For such people, when in the company of a covert aggressive loved one, it becomes easy to ignore the red flags. Maybe it was an inconsistency of their story, maybe a certain blank stare that sent a chill down the spine, or a dig spoken with the aim to undermine our self-esteem. Even though such things are picked up, they immediately get swept under the rug.
Manipulators have a knack at building people up temporarily, until their targets have been ‘hooked’ on the flattery, only to then begin the denigration campaign. The sweet brain washing makes the people with dissociative tendencies want to dismiss harmful actions by omission or denial. Sensing pain, much the way it was done in their early years, they take their mind to a land of beauty and pleasure, to escape the growing angst.

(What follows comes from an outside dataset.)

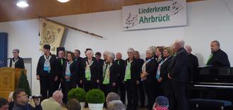 Eröffnet wurde das Programm durch ein Lied des Gastgebers „Über den Wolken“ von Reinhard Mey, woraufhin sich eine Begrüßungsrede der Vorsitzenden des Vereins Liederkranz Ahrbrück, Rita Löhndorf, anschloss. Nun wurde die Sängerin des Gemischten Chores Liederkranz Ahrbrück 1913, Kornelia Frings, von dem Chorverband Ahrweiler, vertreten durch Werner Wolf, für 40 Jahre Mitgliedschaft in diesem Chor geehrt. Sie ist auch Mitglied im Vorstand als Schriftführerin.
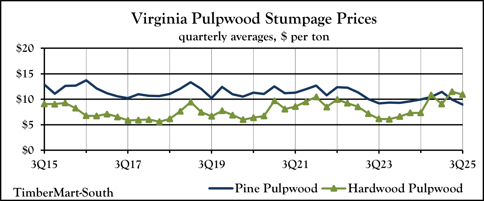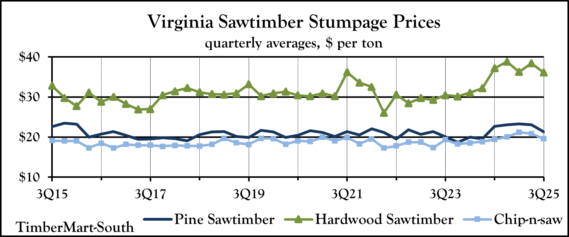 TimberMart-South (TMS) collects market data from a broad cross section of the timber industry. Our reporters, both companies and individuals, are actively engaged in the day-to-day operation of selling and buying timber on the stump and delivering to yards and mills. From these reports, over each quarter, these data are sorted and tabulated to arrive at a grouping of price ranges, low and high. From these groupings, a simple average is obtained for each state, area, and product.

It is my supposition that the narcissist is somehow aware of this and has a way of upping the game by inserting themselves in that fantasy world. This furthers the target’s belief that the abuser is their soul mate, strengthening the bond.
Ignoring our present moment hunches of oncoming harm is one of the most detrimental effects of dissociation. This is why in recovery, and especially in the process of breaking the trauma bond, it is essential to practice mindfulness, or being here and now. It trains us to return our distracted minds to the present moment and helps cut the cords of illusion and programming that have kept us stuck in a wishful thinking trance state, which the abuser, as well as other manipulative people and exploitive systems, continually exploit.
The Silver Lining
Besides acting as a neuroprotective mechanism and essentially saving our brain volume, dissociation fuels the brain’s ability to generate something out of nothing. People with this tendency tend to have a rich imagination and an almost innate ability to see things from unique perspectives — a key component of creative problem solving.
Left to itself, dissociation will continue running in the background of our minds prompting us to fade in and out of reality. It is a vulnerability that hijacks the second most precious currency we possess besides time — our attention. Learning to recover our attention in the process of healing by dissolving cognitive dissonance with truth and aligning our thoughts with our feelings and actions, we can learn to harness the creative faculties we have developed. This will take time and much effort, but it can serve as a tool to help us find a way out of the woods.